The decision to scrap personal statements from university applications is overdue. Not only for the stated reason – that the practice of writing a 4,000-character essay about yourself is seen to favour middle-class kids (and the genetically smug) – but also because the temptations of help from artificial intelligence are increasingly hard to resist. Who is going to labour for days over a side of cringeworthy A4 about the formative influence of a Saturday job when ChatGPT and its rivals can do the job in five seconds?

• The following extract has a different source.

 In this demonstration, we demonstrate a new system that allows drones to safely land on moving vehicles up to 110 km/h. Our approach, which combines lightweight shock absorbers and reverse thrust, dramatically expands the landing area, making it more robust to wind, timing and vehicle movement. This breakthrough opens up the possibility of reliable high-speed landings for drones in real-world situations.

“Overcoming difficulties has been a defining aspect of my life,” the app, when prompted, suggests of its struggles. “I grew up in a low-income household and my family struggled to make ends meet. This made it difficult for me to afford the necessary resources to excel academically. However, I refused to let my circumstances define me. I volunteered at local schools and tutored my peers.” Or, prompted differently: “Growing up in a middle-class background, I have had opportunities to help me excel academically and personally. As I have grown older, I have come to realise the importance of giving back to those who are less fortunate. I have been actively involved in community service both locally and internationally. I am now ready to take the next step in my education and personal development at university.”

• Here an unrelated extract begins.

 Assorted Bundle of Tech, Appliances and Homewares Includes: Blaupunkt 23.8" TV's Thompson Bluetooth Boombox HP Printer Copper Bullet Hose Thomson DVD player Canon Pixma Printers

Give that bot a scholarship.

In the clouds

Albert Einstein.
Albert Einstein, who knew a thing or two about time. Photograph: IanDagnall Computing/Alamy

If software might sometimes promise us more time, it will no doubt also be employed to check up on what we are doing with it. There was a chilling aspect to the case of Canadian woman Karlee Besse who, in suing her employer for wrongful dismissal, was ordered instead last week to compensate her bosses with a payment equivalent to £1,600. Her company had been using tracking software called TimeCamp, which spied on the hours Besse claimed to have been working from home on her laptop. According to the data, Besse had charged for 50 hours that “did not appear to have been spent on work-related tasks”. Reading Besse’s story prompted me to look up something the polymathic physicist Carlo Rovelli once said to me, when I interviewed him about that famous loafer Albert Einstein: “You don’t get anywhere by not wasting time.” Or how, as Billy Liar might have idly wondered to himself, do you put a price on daydreaming?

First Noele

Noele Gordon as Meg Mortimer on set in ITV’s soap Crossroads.
Noele Gordon as Meg Mortimer in ITV’s soap Crossroads. Photograph: ITV/Shutterstock

The advance publicity for Russell T Davies’s miniseries Nolly, in which Helena Bonham Carter plays Crossroads star and 1970s “Queen of the Midlands” Noele Gordon, prompted a strange recovered memory. As a kid, I once went up to our local VG convenience store and encountered Gordon, then pulling in 12 million viewers a night, in full Meg Richardson makeup and fur coat buying something for her tea. At the time, this was about as close as suburban Birmingham came to Sunset Boulevard. Gordon, the first woman ever to appear on colour television, had been such a fixture on the ATV schedules of my childhood that it was disturbing to discover her in daylight. She seemed slightly unsure of the possibility herself. Crossroads ran for 18 years before it engineered its star’s drugged-up demise in a motel fire. If you were ever in doubt that the past was another country, look back at the Guardian’s front page of 5 November 1981, the night after Gordon’s departure. There, the story of television switchboards being jammed with calls from weeping viewers distraught about the end of an era competes for space with Mrs Thatcher promising far better times ahead in her Queen’s speech.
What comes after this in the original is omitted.